Today the high court struck down laws in 29 states that mandated a life term for murderers, including those under age 18. While the Court did not categorically ban juvenile life without parole in all circumstances, Justice Kagan wrote for the majority that, “given all that we have said in Roper, Graham, and this decision about children’s diminished culpability, and heightened capacity for change, we think appropriate occasions for sentencing juveniles to this harshest possible penalty will be uncommon.”
Racial disparities remain extremely pronounced in the Juvenile Justice system. African American children are 10 times more likely than their white peers to be sentenced to life in prison without the possibility of parole
“We remain concerned that racial disparities will continue to be evident as courts exercise discretion in making this assessment,” said Jealous. “If past sentencing is any guide, this most severe sentence may remain all too common for children of color.”

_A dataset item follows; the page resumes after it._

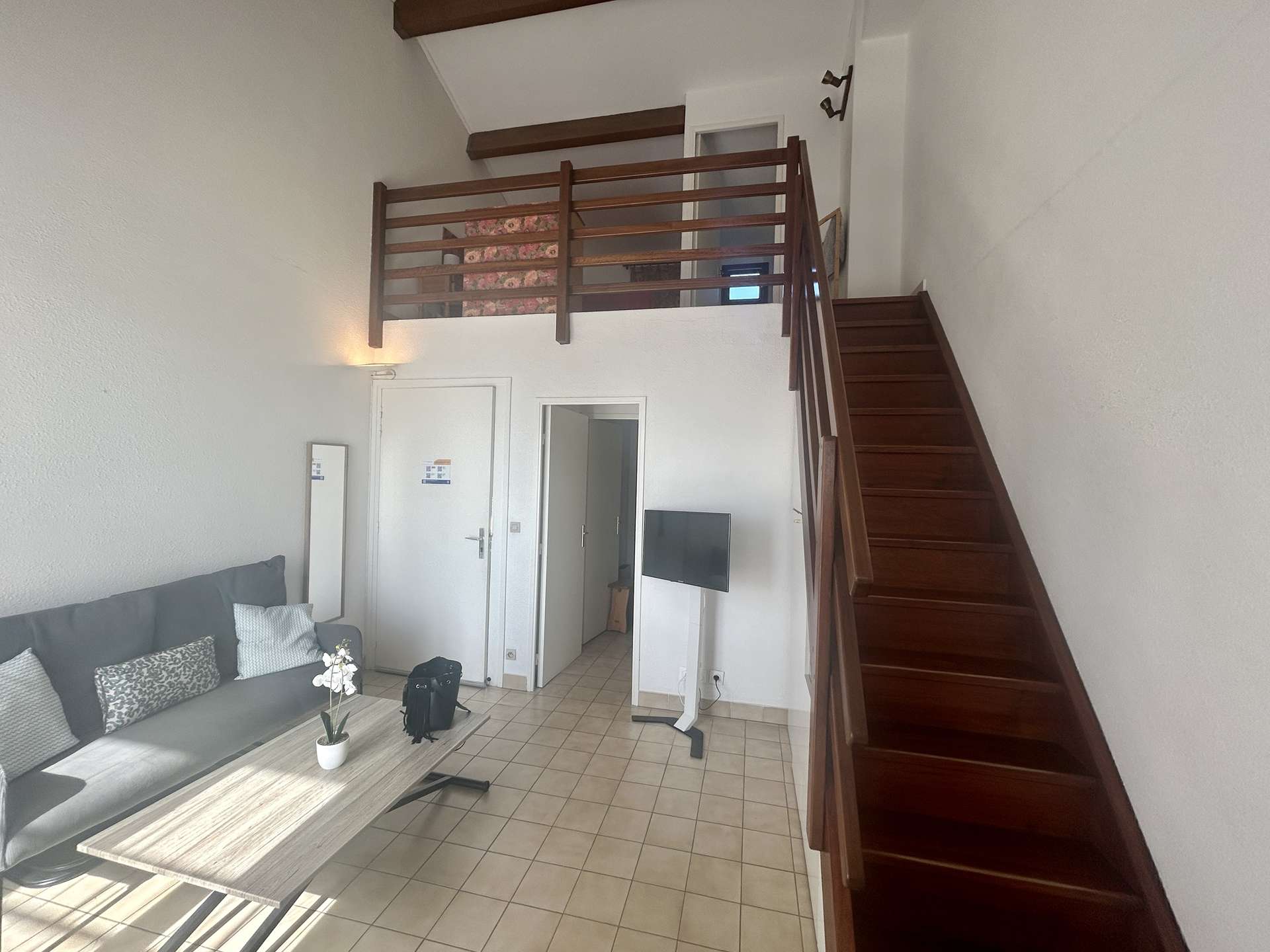 Cet appartement de vacances se compose d'un séjour avec terrasse et coin cuisine, une cabine avec deux lits superposés, un WC séparé, au niveau supérieur : une mezzanine avec un lit deux personnes, une salle d'eau avec WC.

In 2005, the Court banned the death penalty for juveniles who commit aggravated murder. Then, in 2010, the justices held that juveniles found guilty of non-homicides could not receive life without parole.
Founded in 1909, the NAACP is the nation's oldest and largest civil rights organization. Its members throughout the United States and the world are the premier advocates for civil rights in their communities, conducting voter mobilization and monitoring equal opportunity in the public and private sectors.